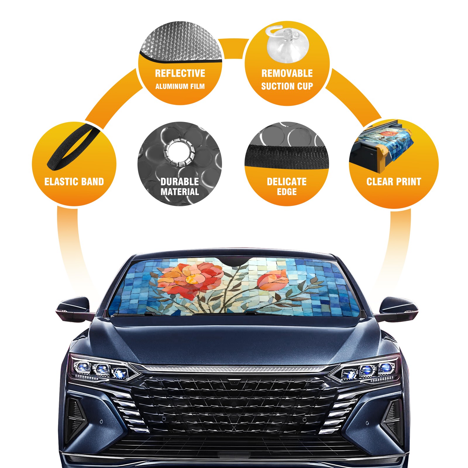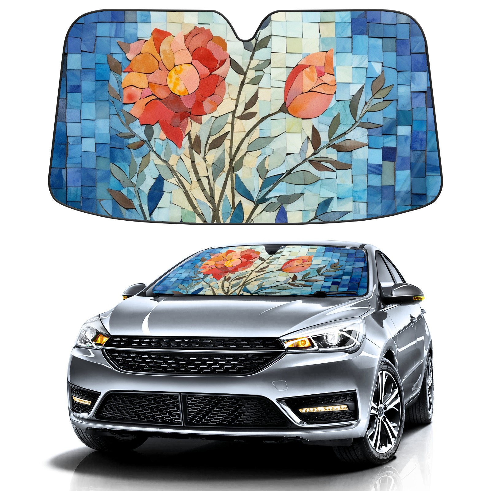 Car Windshield Sun Shade for Front Window Watercolor Art Foldable Vehicle Windshield Car Sun Visor Covers Automotive Window Protector Car Privacy Sun Blocker
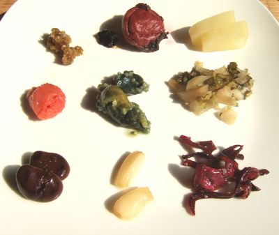 のんびりの一日。予定以外にも、スーパーや産直市での買い物(5,000円分も買ってしまった)図書館に行き本を4冊借りてきて、読んでいるうちにうたた寝。あぶない、あぶない。風邪を引くところでした。今朝のご飯は、冷蔵庫に入っている「常備菜」と新米。お麩と春菊の味噌汁。漬物大好きな私、これさえあれば何杯でも食べられます。(って、実際には、盛り切りの1膳に決めてるから何杯も食べないけど) 左上から、 金山寺味噌 海苔 梅干 沢庵 辛子明太子 茄子の辛子漬け スグキ菜漬け 醤油豆 らっきょう漬け 柴漬けキクラゲ 他には、ちりめんじゃこ、蕪の浅漬け、味付け海苔があるけど、さすがにそんなには食べられない。自家製は、梅干と茄子の辛子漬け、らっきょう、蕪の浅漬けです。さあ、今から晩ご飯を作って、TVかDVDでも見ながら食べよう。(ちょっと寂しい)何食べようかな?って、買い物したぐらいだからメニューは決まっていますが(笑)明日、アップします。
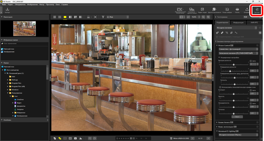 Чтобы экспортировать выбранные снимки в формате JPEG, HEIF или TIFF, нажмите [Экспорт] на панели инструментов. Экспорт снимков RAW (NEF/NRW) и снимков NEFX (результат слияния снимков, сделанных со сдвигом пикселя) в виде файлов JPEG, HEIF или TIFF позволяет использовать их в других программах. При желании для экспорта можно выбрать целые папки.
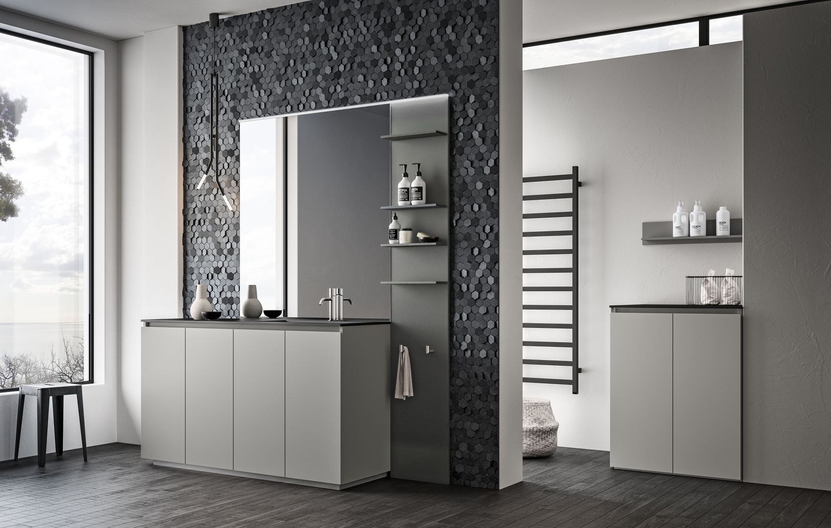 Das Badezimmerlicht sollte nach Möglichkeit freundlich sein. Denn wenn einen das eigene Spiegelbild nicht nur unausgeschlafen, sondern auch bis ins letzte Detail ausgeleuchtet am Morgen begrüßt, dreht man am liebsten gleich wieder um. Für einen guten Start in den Tag ist daher eine ausgewogene und stimmungsvolle Beleuchtung vorteilhaft. Sie sorgt außerdem für ein freundliches Wohlfühlambiente und ideale Lichtverhältnisse. Eine extra Wandlampe oder eine dimmbare Spiegelleuchte machen da bereits einen großen Unterschied.
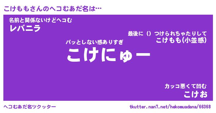 | ヒーロー風カッコイイあだ名 | 『スーパーコケモモ』『天弓騎士コケ』 |
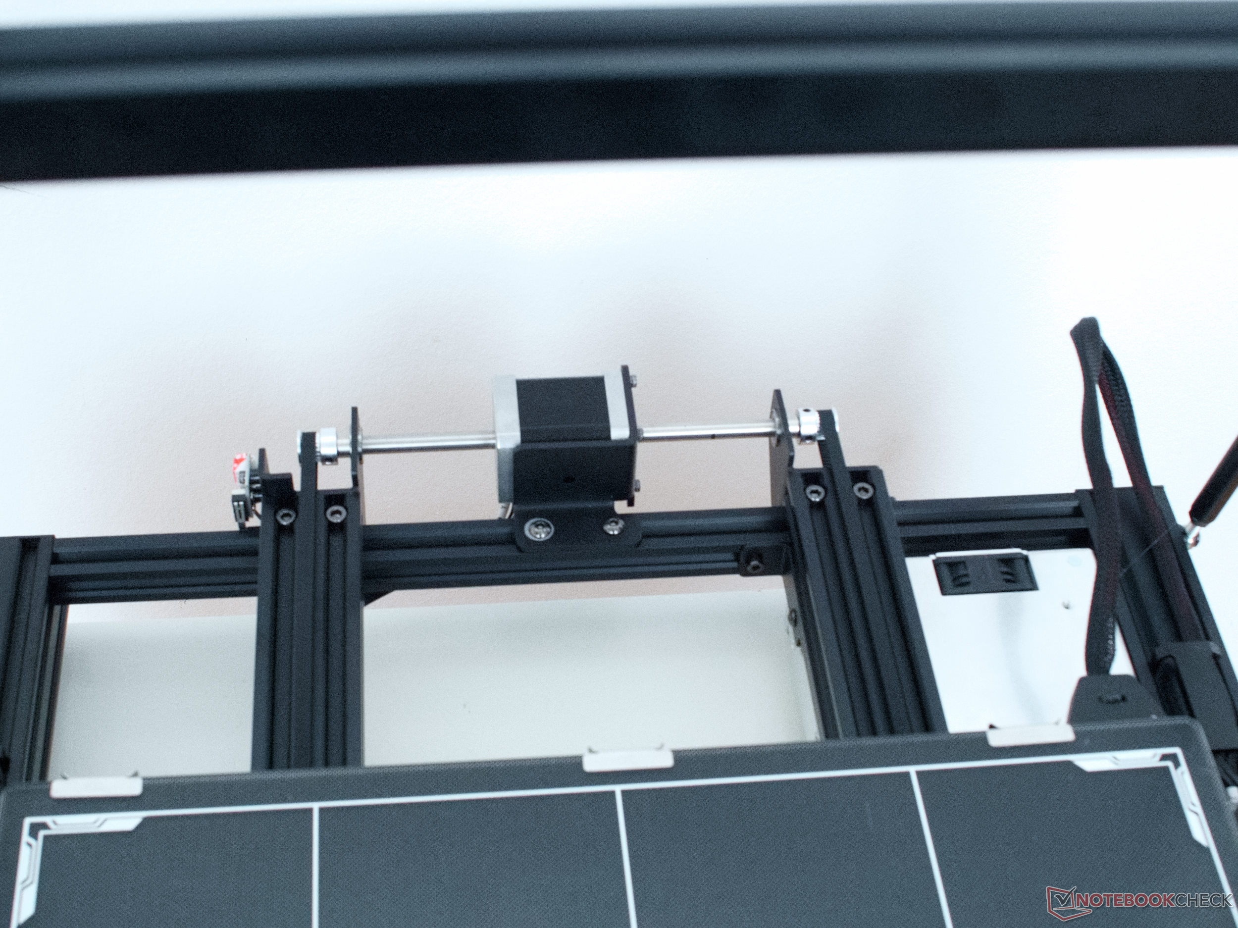Zwei Pendelstützen geben dem Anycubic Kobra Max dringend benötigte Stabilität. Wie bei vielen aktuellen 3D-Druckern üblich, laufen hier alle bewegten Teile auf einer Kombination von V-Slot-Profilen und D-Rollen. Die eigentlich sehr steife Kombination kommt aber hier gerade aufgrund der Längen einzelner Profile an ihre Grenzen. Während in der Basis mit großen 40 mm × 40 mm Profilen nicht gespart wird, ist gerade das 20 mm Laufprofil des Druckkopfes doch recht flexibel.
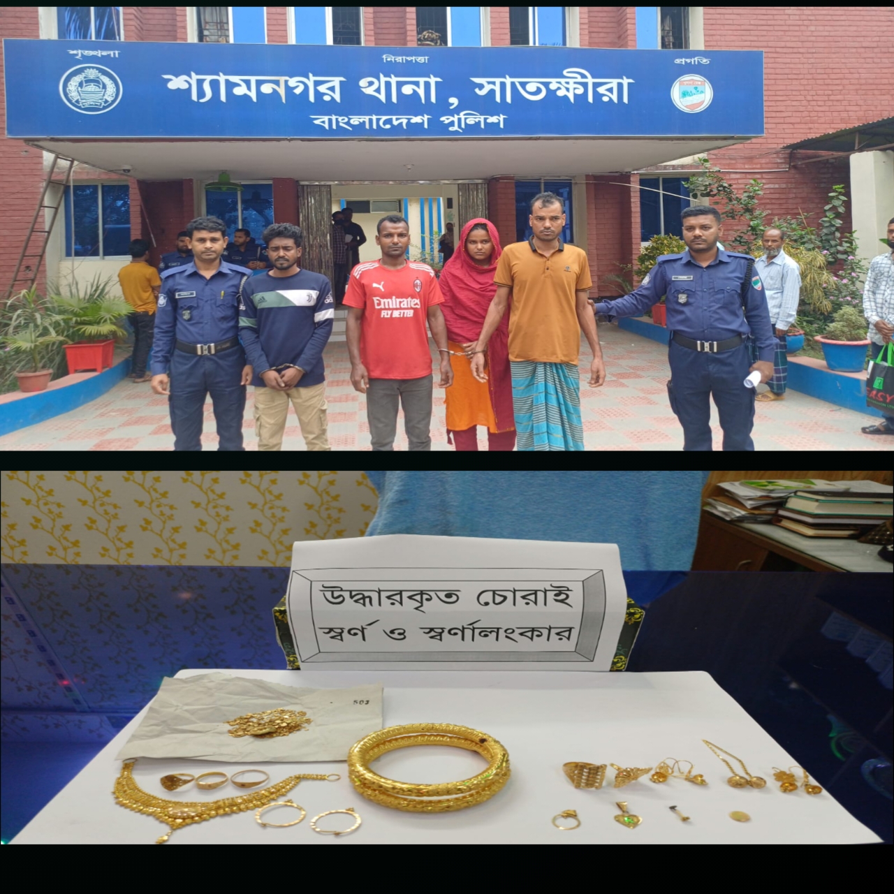 শ্যামনগরে চুরি হওয়া স্বর্ণালংকার উদ্ধার, ৩ আসামি গ্রেফতার
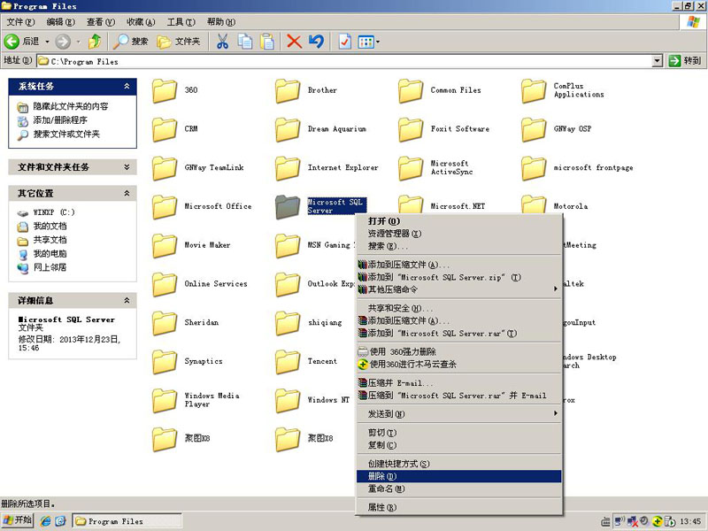 进入系统所在磁盘(默认为C盘),选择“Program Files”文件夹,选中并删除 Microsoft SQL Server 文件夹即可。
_ _ _ _
**What needs to be done**
Beginning with the line that contains "Das Badezimmerlicht sollte" and ending with the last line of the data, transcribe each line exactly; pictures stay out.

**Answer**
 Das Badezimmerlicht sollte nach Möglichkeit freundlich sein. Denn wenn einen das eigene Spiegelbild nicht nur unausgeschlafen, sondern auch bis ins letzte Detail ausgeleuchtet am Morgen begrüßt, dreht man am liebsten gleich wieder um. Für einen guten Start in den Tag ist daher eine ausgewogene und stimmungsvolle Beleuchtung vorteilhaft. Sie sorgt außerdem für ein freundliches Wohlfühlambiente und ideale Lichtverhältnisse. Eine extra Wandlampe oder eine dimmbare Spiegelleuchte machen da bereits einen großen Unterschied.
 | ヒーロー風カッコイイあだ名 | 『スーパーコケモモ』『天弓騎士コケ』 |
Zwei Pendelstützen geben dem Anycubic Kobra Max dringend benötigte Stabilität. Wie bei vielen aktuellen 3D-Druckern üblich, laufen hier alle bewegten Teile auf einer Kombination von V-Slot-Profilen und D-Rollen. Die eigentlich sehr steife Kombination kommt aber hier gerade aufgrund der Längen einzelner Profile an ihre Grenzen. Während in der Basis mit großen 40 mm × 40 mm Profilen nicht gespart wird, ist gerade das 20 mm Laufprofil des Druckkopfes doch recht flexibel.
 শ্যামনগরে চুরি হওয়া স্বর্ণালংকার উদ্ধার, ৩ আসামি গ্রেফতার
 进入系统所在磁盘(默认为C盘),选择“Program Files”文件夹,选中并删除 Microsoft SQL Server 文件夹即可。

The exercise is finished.